You may have created these statements because someone told you to, because you were inspired by a colleague, or simply because you recognized that the interactions you have with students (and they with you!) can result in a change of student knowledge, skill, or behavior. Either way, if you have these statements but are not sure if they are quality, appropriate, or “enough,” then this blog post is for you. It’s also for anyone seeking to create learning outcomes for the first time!

I’ll cover key considerations and steps you can take in either creating or reviewing and refining your learning outcomes. 

The information is presented chronologically, in the order of how I usually evaluate learning outcomes. But you do not necessarily have to follow the same order, especially if aspects of the considerations do not apply to you and your outcomes.

Purpose Check

First and foremost, you should check to see if your learning outcomes are indeed concerned with student learning

Is each statement describing something your staff or interventions do (such as providing programs and opportunities, creating awareness, encouraging participation, or tracking attendance)? If so, you’re not talking about student learning; you are talking about operational outcomes, objectives, goals, or purposes. That information can be a useful starting or reference point in relation to student learning outcomes though. For example, if you provide programs, think about what students gain from participating in those programs. Then, you’ll be on track to articulate some learning outcomes.

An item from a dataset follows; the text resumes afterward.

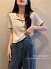 Verão Novo Suéter Vintage com Gola Polo Estilo Coreano Design Casual Fino Manga Curta Combina com Tudo Cor Sólida Top
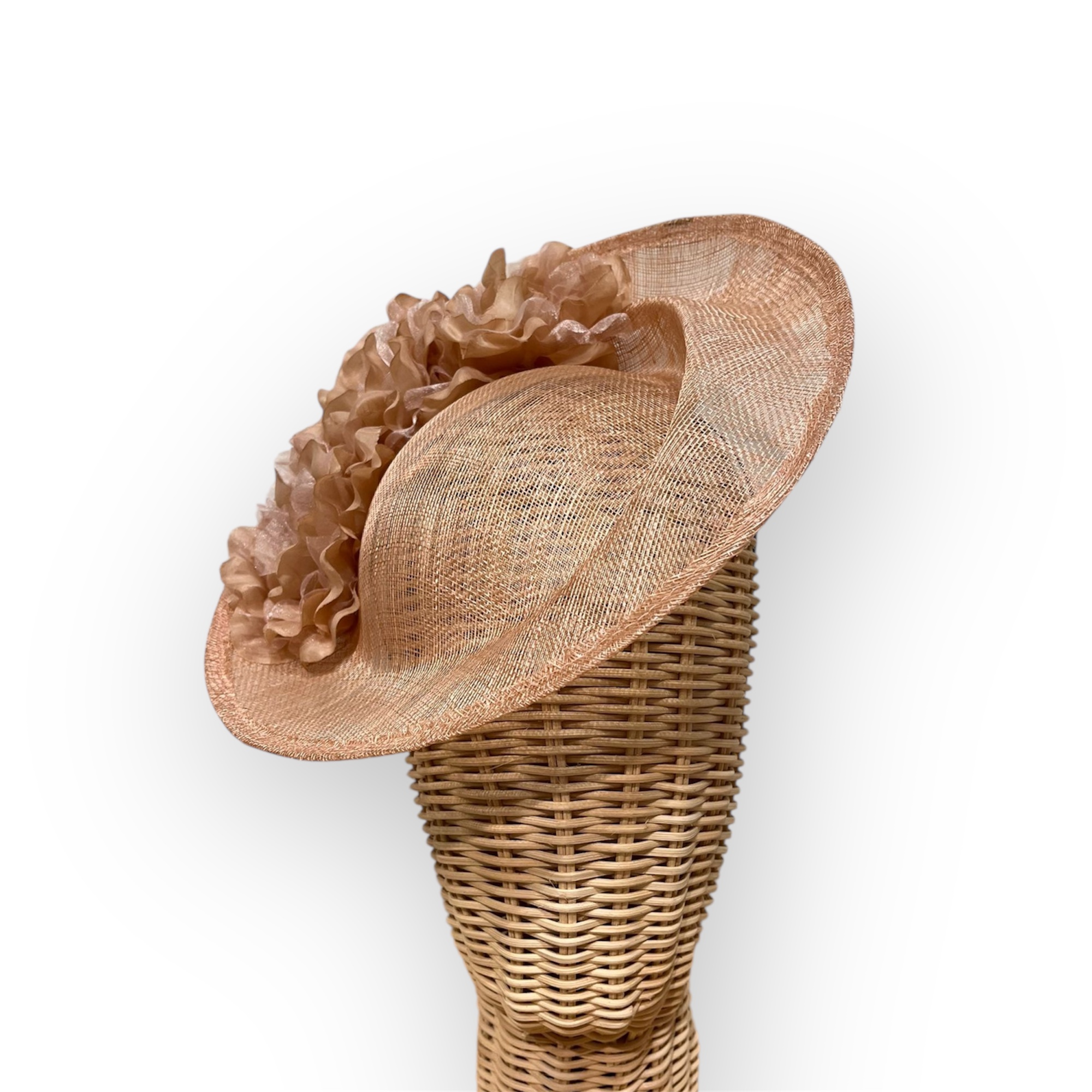 Tocado sinamay y flores nude

Next, without getting into the weeds of analyzing each word of an outcome statement, you can check to see if the general nature of your department’s intended impact on students is covered. For example, if your office coordinates civic engagement, leadership, and educational programming for students, but all of your outcomes are focused on student leadership development, then you’re likely missing pertinent learning outcomes for the rest of your interventions. 

This step is different from determining whether learning outcomes should be written for an individual workshop or for a workshop series (I’ll cover that later); here, you are looking for high-level coverage for the topical knowledge, skills, and behaviors. As I alluded to before, this could be a good opportunity to look for possible alignment with operational objectives or to think about the amount and types of services offered by your area and whether your learning outcomes cover that spread. 

Amount

There is no magic number for the right amount of student learning outcomes. You should have as many as are necessary or appropriate for the interventions you offer students. 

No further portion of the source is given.